WillDreamer / Aurora

[NeurIPS2023] Parameter-efficient Tuning of Large-scale Multimodal Foundation Model
https://arxiv.org/abs/2305.08381
80 stars 7 forks source link

The details of experiments look very solid. Has any one reproduced successfully? #12

Closed Arsiuuu closed 9 months ago

Arsiuuu commented 9 months ago

I tried some times, but got poor results.

BinhuiXie commented 9 months ago

+1

Arsiuuu commented 9 months ago

I only tried on MSR-VTT for video-text retrieval and got poor results too. @BinhuiXie

xinlong-yang commented 9 months ago

@BinhuiXie Hi there, because we have done a large number of ablation experiments and due to storage resource limitations, we are ashamed that we did not record all ckpt parameters completely, but we found the Flickr30K results of a version of ablation experiment at that time, and you can see that R@1 does not have a large drop. If R@1 drops too much (more than 10), we think it may be because there is no convergence. image

xinlong-yang commented 9 months ago

@Arsiuuu hi there, we follow the same setting in Uniadapter, so you may check your pretraining .pth and proper dataset to be consistent with the Uniadapter, and since ITC loss uses a global queue, you should better use about the same batch size and nGPUs.

BinhuiXie commented 9 months ago

@xinlong-yang thank you for your response.
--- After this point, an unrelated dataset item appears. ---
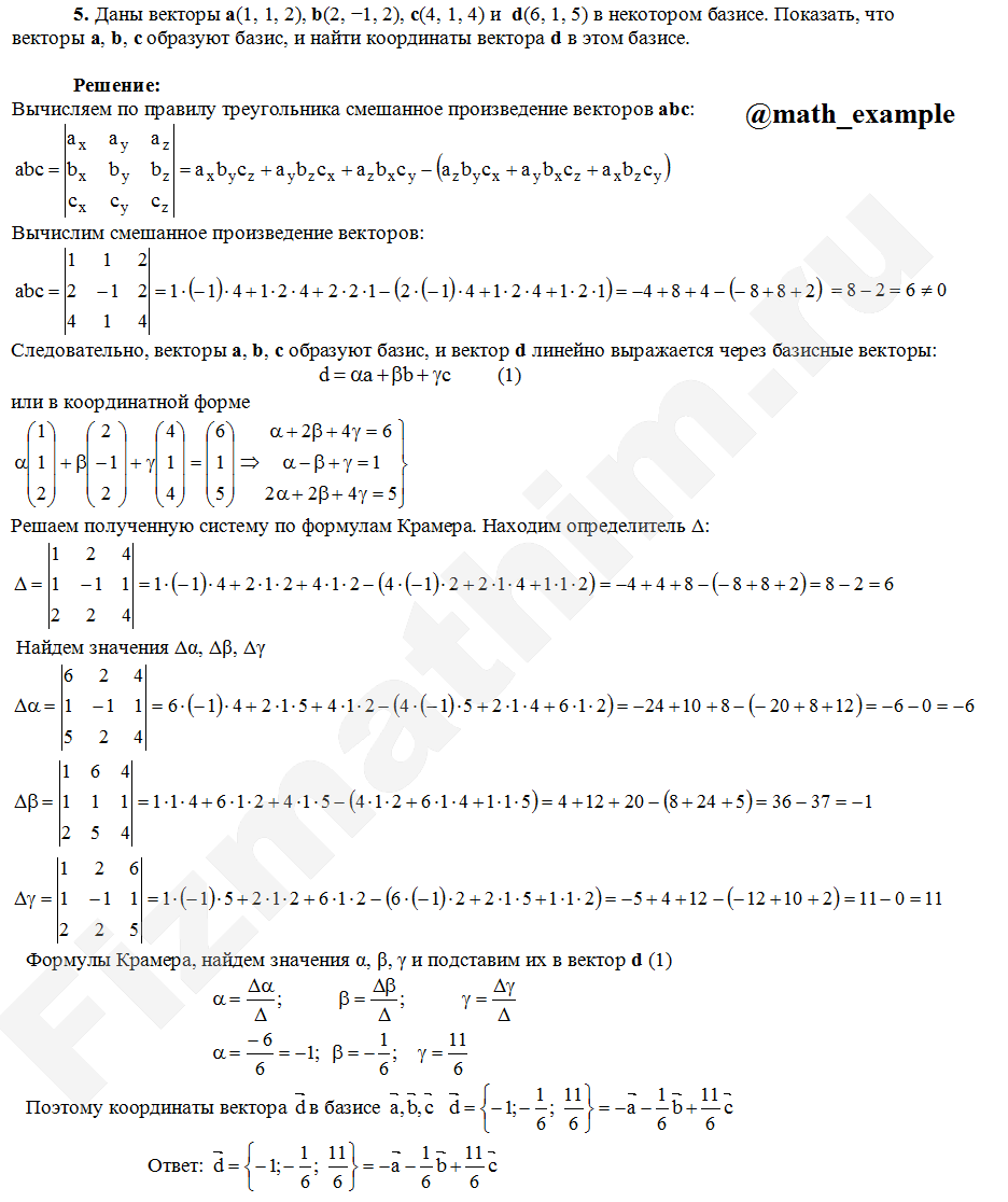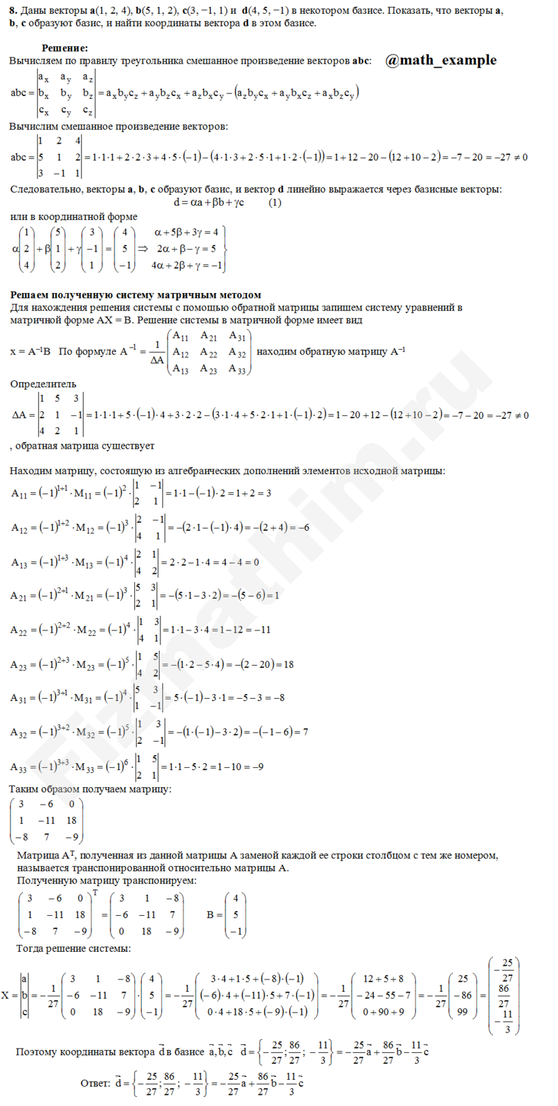 Даны векторы a(1, 2, 4), b(5, 1, 2), c(3, −1, 1) и d(4, 5, −1) в некотором базисе. Показать, что векторы а, b, с обра...

actually, the large drop was caused by the incorrect command.

original

python -m torch.distributed.run --nproc_per_node=8 train_retrieval.py --config ./configs/retrieval_flickr.yaml --output_dir output/flickr --evaluate 

this will load the BLIP pre-trained parameters :rofl:

and the fine-tuned parameters by Aurora could be loaded as follows.

correct

python -m torch.distributed.run --nproc_per_node=8 train_retrieval.py --config ./configs/retrieval_flickr.yaml --output_dir output/flickr --evaluate ----pretrained output/flickr/checkpoint_3.pth

thanks again! keep up the fantastic work :rocket: